**What is expected:** Show each line from the listing that includes the word "Turniej".
■ ■ ■ ■ ■
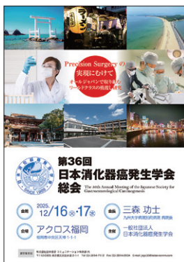
第36回日本消化器癌発生学会ポスター
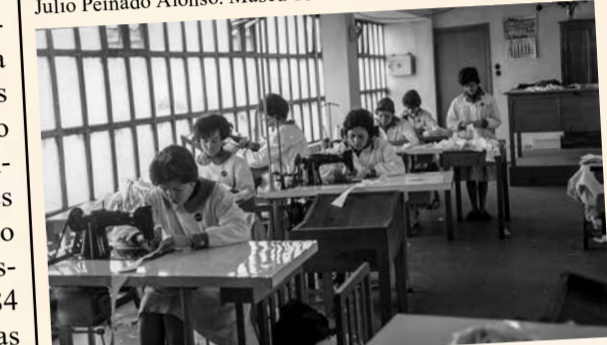
Mujeres trabajando en la fábrica de camisas SINCOS en 1965

Casi invisibilizadas, el papel de las mujeres fue, sin embargo, muy importante, estando a la vanguardia de la lucha por los valores democráticos y de la clase trabajadora. Les cigarreras , las mujeres que trabajaban en la Fábrica de Tabacos de Gijón/Xixón, marcarían el camino; en 1903 encabezaron la primera gran huelga de Asturias protagonizada por mujeres. Supuso un punto de inflexión que hizo ver a otras trabajadoras que unidas podrían conseguir mejoras en sus condiciones laborales.
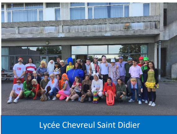
Lycée Chevreul Saint Didier

Pour leur dernier jour dans les murs de leur lycée, les élèves de Terminale se déguisent et passent de derniers bons moments tous ensemble avant leur Bac. Un bal de promo a également été organisé le mardi 25 juin.
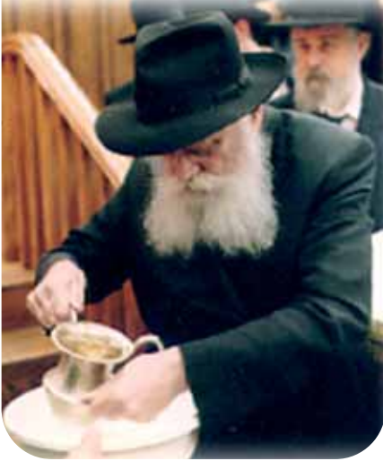
מאת הרב מאיר ערד
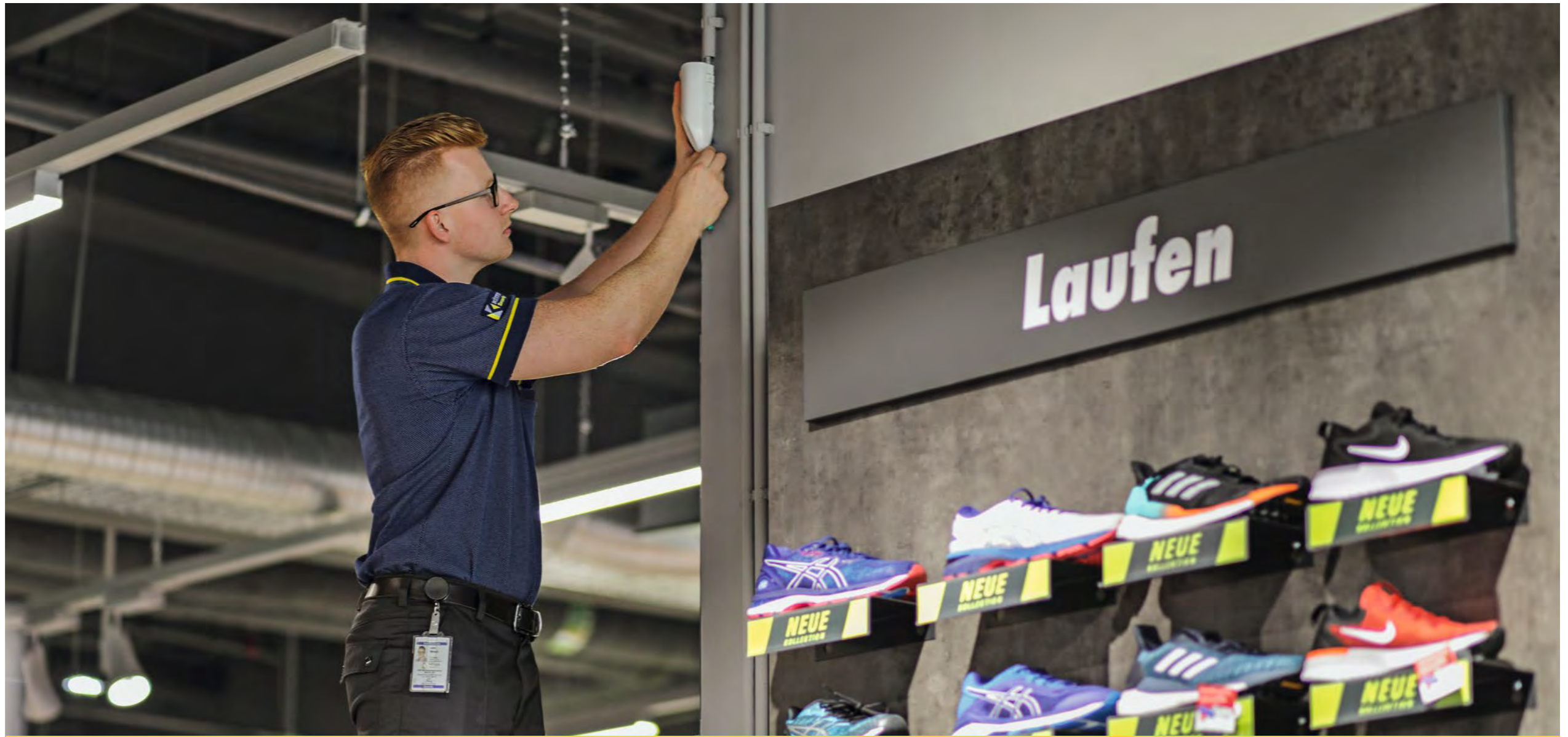
Techniker der KÖTTER Sicherheitssysteme SE & Co. KG betreuen das bundesweite Filialnetz des Sportfachhändlers.

Mit Blick auf den präventiven Schutz von Kunden, Mitarbeitern und Waren stellte neben den Filialen speziell die Sicherheit für das zentrale Warenverteilzentrum in Bochum
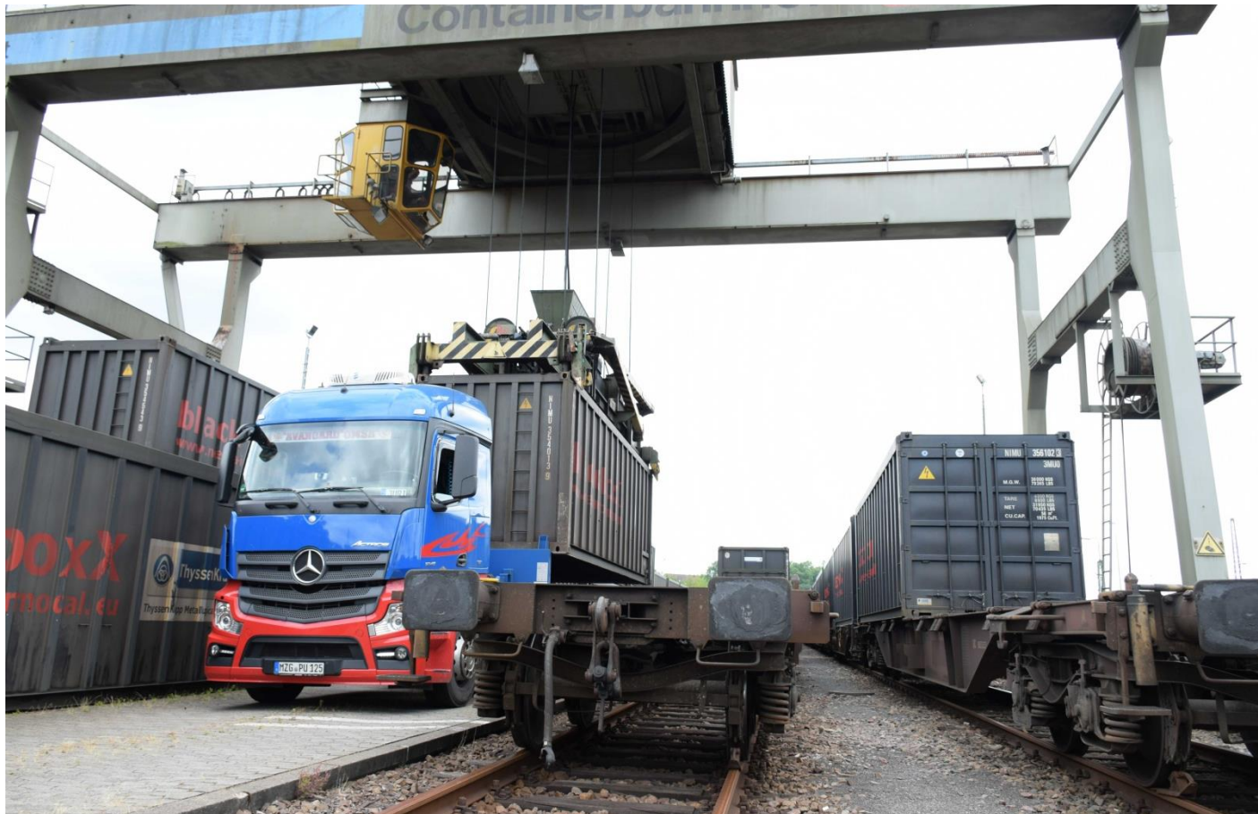
Containerumschlag im RBF Saarbrücken
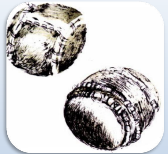
МЯЧ ИЗ БЕРЕСТЫ

В России мячи были разные. В раскопках под Новгородом нашли мячи разных размеров, сшитые из кожи. Ими играли дети в XIII веке. Крестьянские дети прошлого века играли легкими мячиками из бересты или тяжелыми мячами, туго свернутыми из тряпок
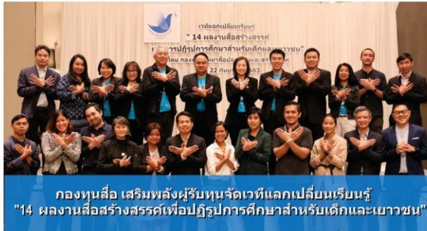
กองทุนสื่อ เสริมพลังผู้รับทุนจัดเวทีแลกเปลี่ยนเรียนรู้ "14 ผลงานสื่อสร้างสรรค์เพื่อปฏิรูปการศึกษาสำหรับเด็กและเยาวชน"

ทั้งนี้ให้คณะกรรมการมีอำนาจและหน้าที่ในการเสนอนโยบาย ยุทธศาสตร์ และมาตรการในการดำเนินงานด้านพัฒนาสื่อปลอดภัยและสร้างสรรค์ต่อคณะรัฐมนตรี และดำเนินการพัฒนาสื่อปลอดภัยและสร้างสรรค์ตามที่คณะรัฐมนตรีหรือนายกรัฐมนตรีมอบหมาย
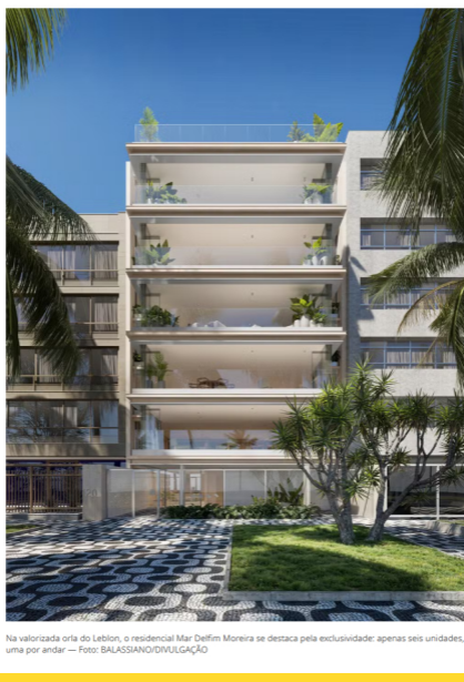
Na valorizada orla do Leblon, o residencial Mar Delfim Moreira se destaca pela exclusividade: apenas seis unidades, uma por andar
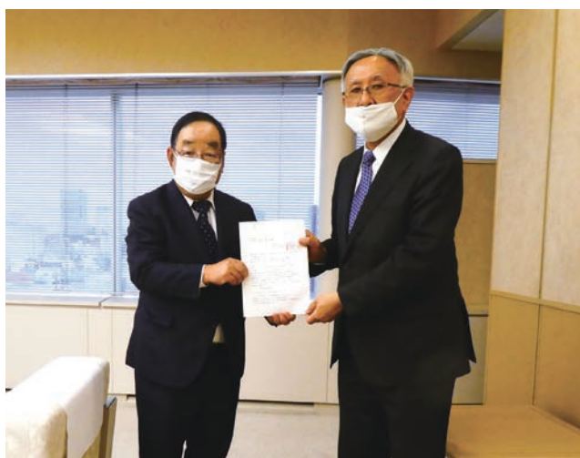
高崎富岡賢治市長
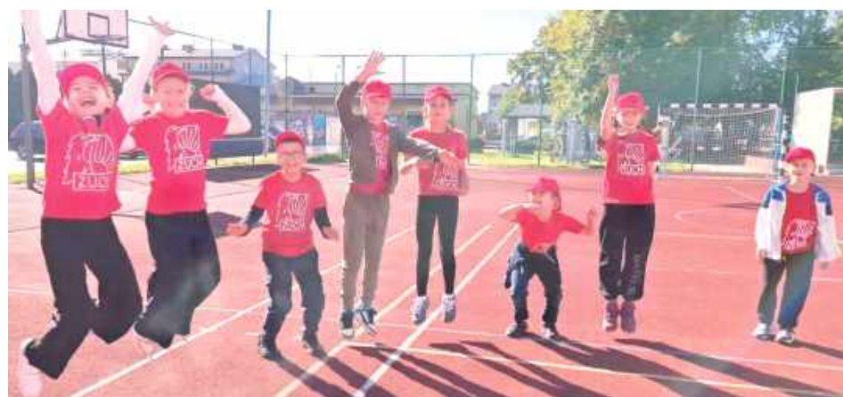
Zuchowy Turniej pokazał najmłodszym aktywne sposoby spędzania wolnego czasu

Turniej zakończono wręczeniem nagród dla drużyn i wspólnymi fotografiami oraz płasami zuchowymi.
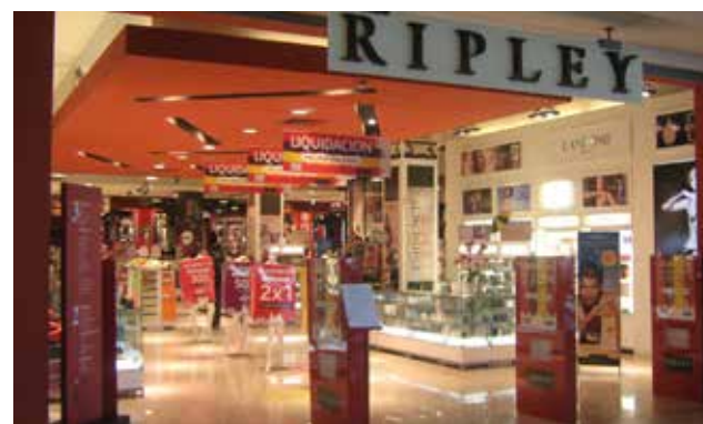
Ripley sufrió pérdidas cercanas a los 27 millones de dólares en Colombia.

La empresa de comercio minorista Ripley, una de las más grandes de Chile, anunció el cierre de sus operaciones en Colombia ante el debilitamiento de la economía de ese país. “En el escenario macroeconómico de Colombia surgieron cambios que no eran previsibles en la época en que se decidió invertir en ese país”, indicó un comunicado de Ripley a la Superintendencia de Valores y Seguros de Chile. Añadió que “no se produjeron los resultados esperados ni los niveles de participación de mercado necesarios para ga-
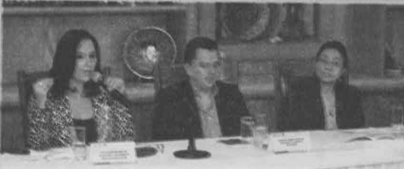
Normas Generales de Ordenación 30 y 31 no pasarán.

Puntualizó "las principales demandas de los afectados es que se desechen las disposiciones, por no ser ni de interés social ni basarse en ninguna categoría de planeación urbana, solicitaran un listado a Seduvi de lo que se consiguió por Norma 26, que contenga las constructoras que realizaron obras, funcionarios que dieron permisos y el procedimiento que se le ha dado".
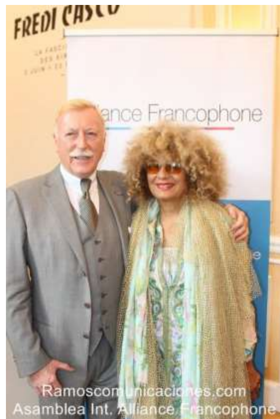
Le Président en compagnie de « Owanto » célèbre artiste peintre et sculpteur du Gabon
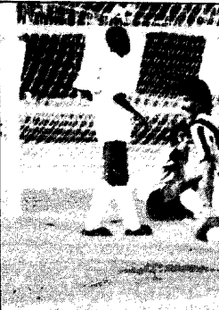
فرحة اتحادية بهدف التعادل

وعاد الاستاذ محمد حسن فقي الأديب والشاعر المعروف يعزتر عن المشاركة في حفل تكريمه [ ثقافة وفن ] رجال الملء - عكاظ السوق الخليلجية الحرة خطوة راشدة [ المال والاقتصاد ] كلمة طب القلبيوم توجه نداء عاجلا مساعدتها [ الوطن العربي ] هل هذا معقول؟ يجمعون البضائع التالفة من النفايات ويبيعونها في صناديق أنيقة [ سوق عكاظ ] حكاية كل بيت... أمواج المشاكل تصصف سفينة الزوار [ حياة الناس ] صورة مناصب الطلاب تمهين من مصيدة القتل [ الشريعة ] اليوم
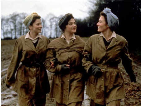
1998 TROIS ANGLAISES EN CAMPAGNE (The Land Girls) de David Leland avec Rachel Weisz, Anna Friel
■ ■ ■ ■ ■
**Task answer:**
Zuchowy Turniej pokazał najmłodszym aktywne sposoby spędzania wolnego czasu
Turniej zakończono wręczeniem nagród dla drużyn i wspólnymi fotografiami oraz płasami zuchowymi.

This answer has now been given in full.